◆ The task
The following data needs to be repeated exactly, with all images excluded.

::::::::

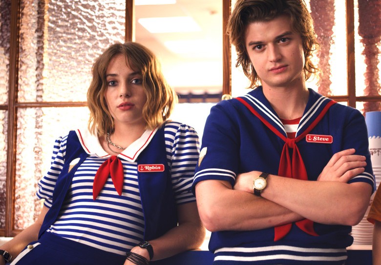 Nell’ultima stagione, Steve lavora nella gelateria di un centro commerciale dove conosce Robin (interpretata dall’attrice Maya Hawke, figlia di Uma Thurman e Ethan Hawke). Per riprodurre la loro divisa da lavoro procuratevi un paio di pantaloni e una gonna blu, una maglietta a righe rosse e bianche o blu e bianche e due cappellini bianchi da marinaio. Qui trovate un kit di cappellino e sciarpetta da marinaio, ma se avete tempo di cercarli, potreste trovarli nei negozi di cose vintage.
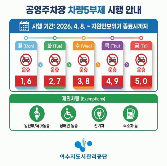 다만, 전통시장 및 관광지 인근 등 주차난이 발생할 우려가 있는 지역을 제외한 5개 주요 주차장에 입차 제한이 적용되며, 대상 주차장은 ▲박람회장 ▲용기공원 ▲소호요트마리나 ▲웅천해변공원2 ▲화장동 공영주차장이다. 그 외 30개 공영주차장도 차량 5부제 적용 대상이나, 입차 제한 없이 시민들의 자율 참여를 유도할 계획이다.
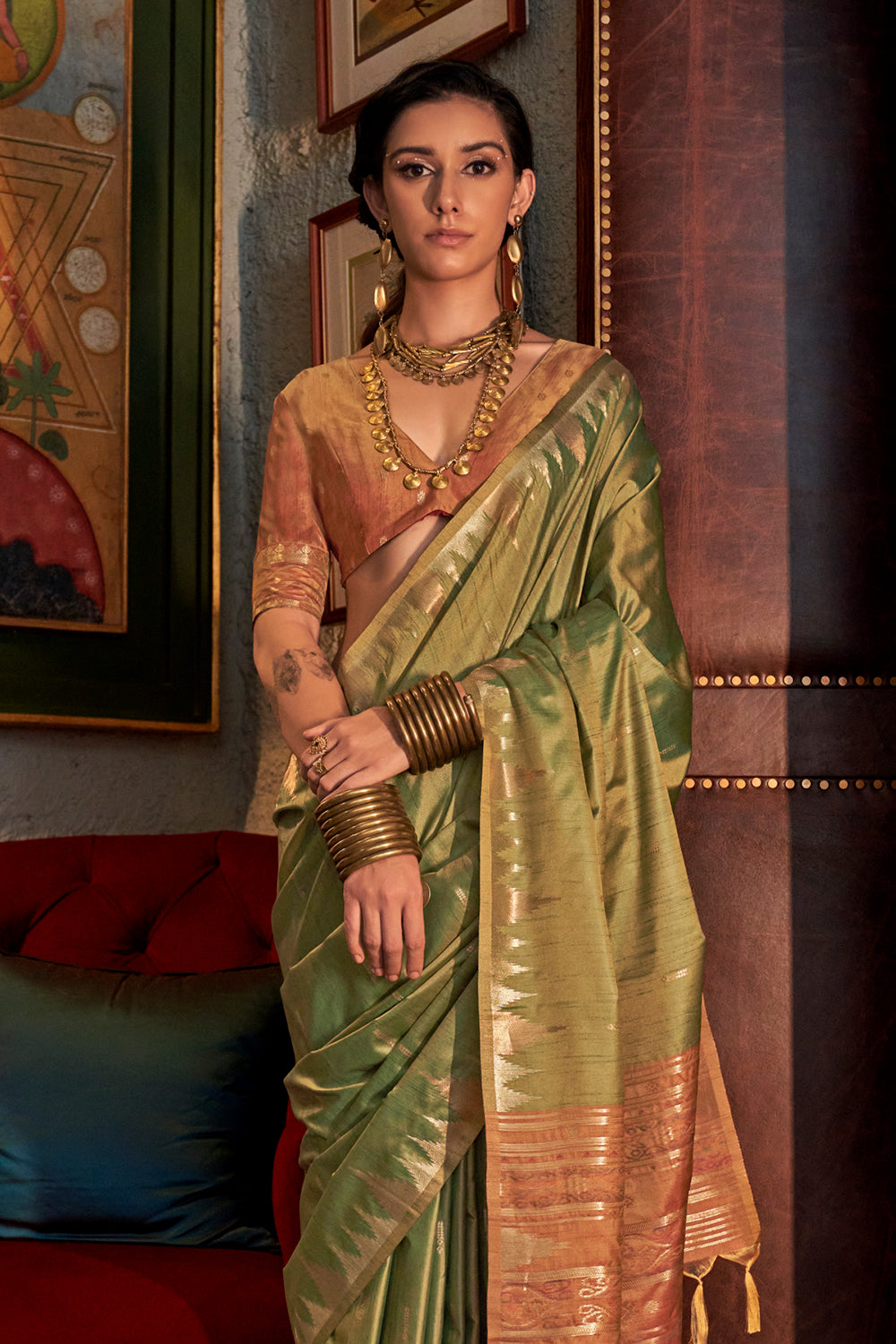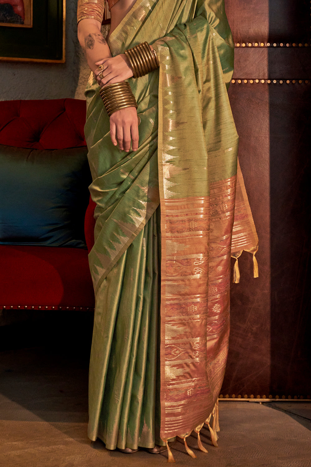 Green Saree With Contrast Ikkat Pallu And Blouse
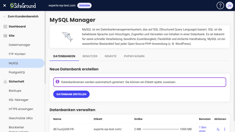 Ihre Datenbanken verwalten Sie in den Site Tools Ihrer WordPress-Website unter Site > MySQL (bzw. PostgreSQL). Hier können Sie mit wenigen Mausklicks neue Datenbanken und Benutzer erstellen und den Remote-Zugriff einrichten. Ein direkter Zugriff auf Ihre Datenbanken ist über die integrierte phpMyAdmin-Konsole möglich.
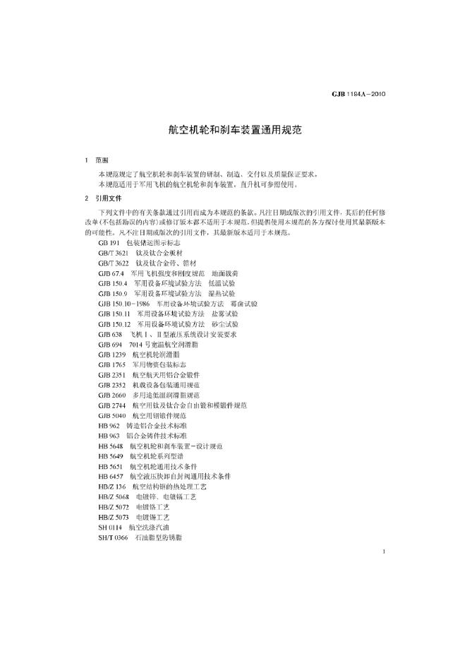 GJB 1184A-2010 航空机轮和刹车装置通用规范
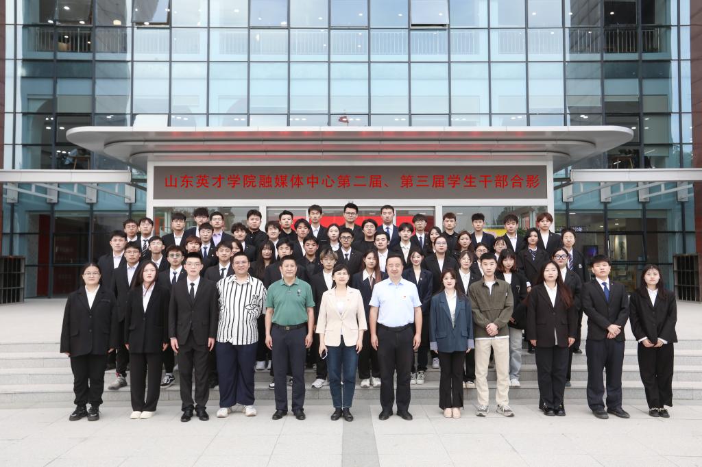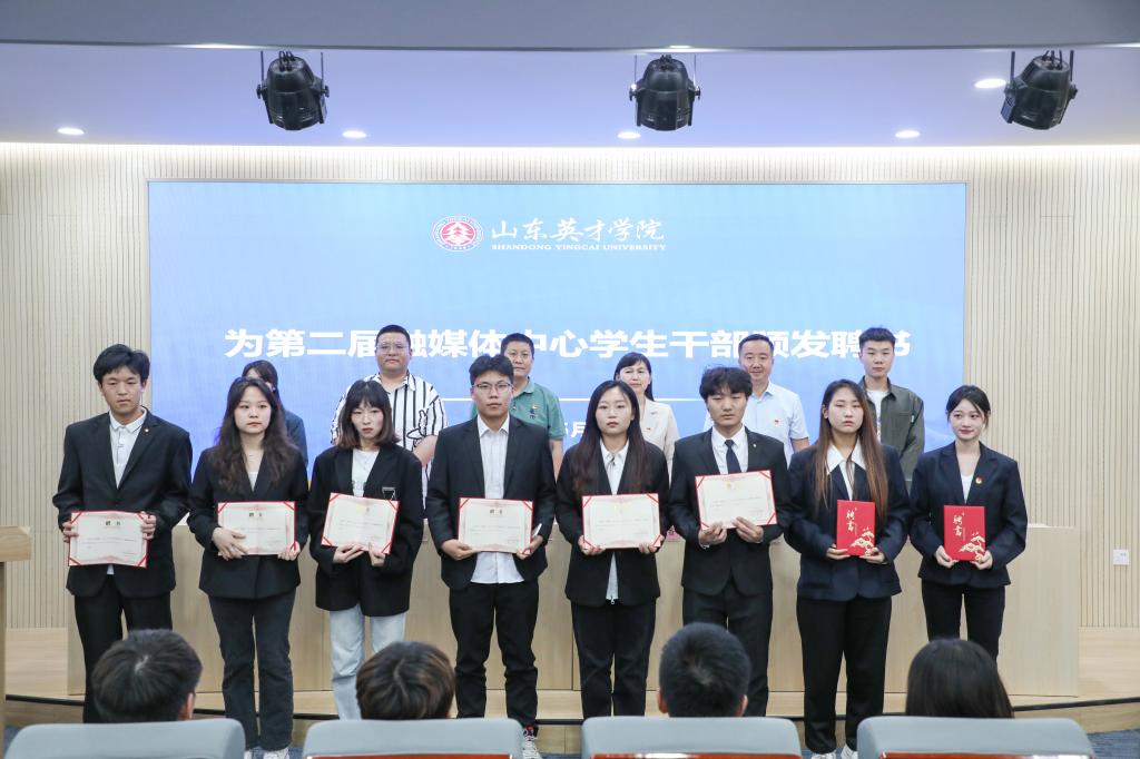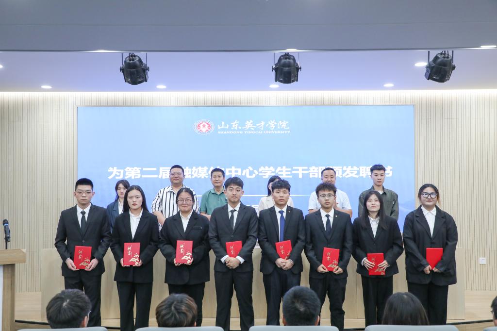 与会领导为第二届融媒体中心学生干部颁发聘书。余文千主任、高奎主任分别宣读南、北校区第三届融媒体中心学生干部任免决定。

::::::::

◆ Expected output
 Nell’ultima stagione, Steve lavora nella gelateria di un centro commerciale dove conosce Robin (interpretata dall’attrice Maya Hawke, figlia di Uma Thurman e Ethan Hawke). Per riprodurre la loro divisa da lavoro procuratevi un paio di pantaloni e una gonna blu, una maglietta a righe rosse e bianche o blu e bianche e due cappellini bianchi da marinaio. Qui trovate un kit di cappellino e sciarpetta da marinaio, ma se avete tempo di cercarli, potreste trovarli nei negozi di cose vintage.
 다만, 전통시장 및 관광지 인근 등 주차난이 발생할 우려가 있는 지역을 제외한 5개 주요 주차장에 입차 제한이 적용되며, 대상 주차장은 ▲박람회장 ▲용기공원 ▲소호요트마리나 ▲웅천해변공원2 ▲화장동 공영주차장이다. 그 외 30개 공영주차장도 차량 5부제 적용 대상이나, 입차 제한 없이 시민들의 자율 참여를 유도할 계획이다.
 Green Saree With Contrast Ikkat Pallu And Blouse
 Ihre Datenbanken verwalten Sie in den Site Tools Ihrer WordPress-Website unter Site > MySQL (bzw. PostgreSQL). Hier können Sie mit wenigen Mausklicks neue Datenbanken und Benutzer erstellen und den Remote-Zugriff einrichten. Ein direkter Zugriff auf Ihre Datenbanken ist über die integrierte phpMyAdmin-Konsole möglich.
 GJB 1184A-2010 航空机轮和刹车装置通用规范
 与会领导为第二届融媒体中心学生干部颁发聘书。余文千主任、高奎主任分别宣读南、北校区第三届融媒体中心学生干部任免决定。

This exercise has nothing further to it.